In the world of commercial publishing there’s only one thing guaranteed to turn even fewer bucks than a collection of short stories, and that’s a collection of poems.
The novel is the most popular and therefore the most lucrative medium for the written word. People like a good story, a substantial story, something they can lose themselves in for days, something they can take on holiday with them. When I’m picking a novel myself I go for the writers I’ve enjoyed and engaged with in the past, but I also feel the thickness of the book. There’s no sense paying £6.99 for a thin volume that’s only going to last you an evening, when for the same money you can get a thick wedge of a book that’ll keep you going for a week. But it’s hard producing novels. And when they’re finally written, they leave the muse gasping for breath.

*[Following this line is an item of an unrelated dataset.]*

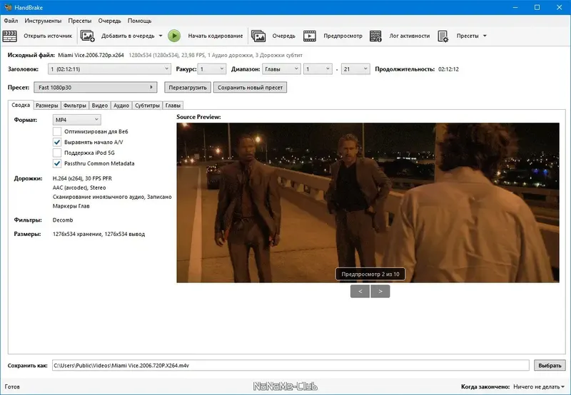 HandBrake — это бесплатный видео конвертер с открытым исходным кодом, который позволяет легко преобразовывать видеофайлы из DVD или других форматов в популярные кодеки MPEG-4 и H.264. Эта программа идеально подходит для тех, кто хочет быстро подготовить видео для просмотра на мобильных устройствах или домашних кинотеатрах. Благодаря простому интерфейсу и широкому набору пресетов, HandBrake делает процесс кодирования видео максимально удобным и доступным для пользователей с разным уровнем опыта.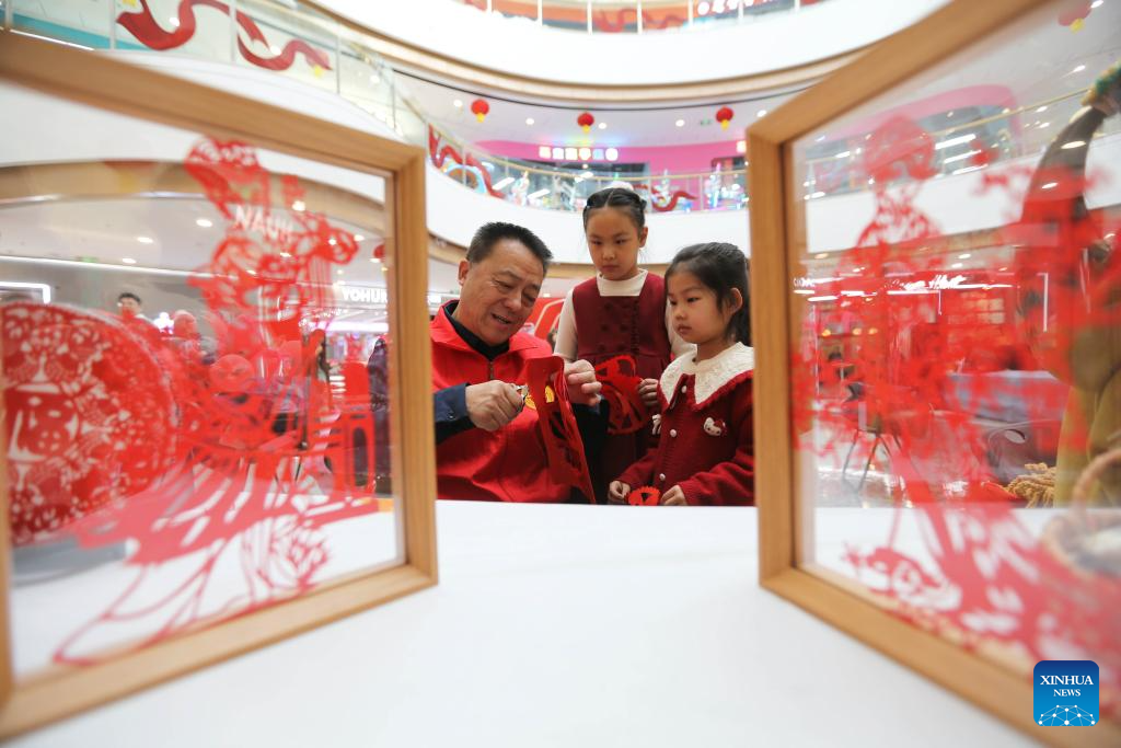 Artesão de recorte de papel ensina crianças em um shopping center em Dingxi, província de Gansu, noroeste da China, em 4 de fevereiro de 2026. (Foto: Wang Kexian/Xinhua)

Write too many of them and the block sets in. Suddenly your favourite author’s gone quiet for a bit and then out pops a collection of short stories – after that the poetical sketches, and you know things have gone sour.
I’m being a little cynical here. You can make a bit of money with poetry – publishing it, criticising it, teaching people how to do it, even reading it aloud at public gatherings, but the one thing you cannot do is make any money by the soul baring, gut wrenching business of actually writing it.
These are my more recent poems, self published and hosted from my public Dropbox folder – a poetical sketchbook, a view on the world through my window. Click on the cover to get the book – epub version only.
The need to write is a mystery.
The need to write poetry the biggest mystery of them all.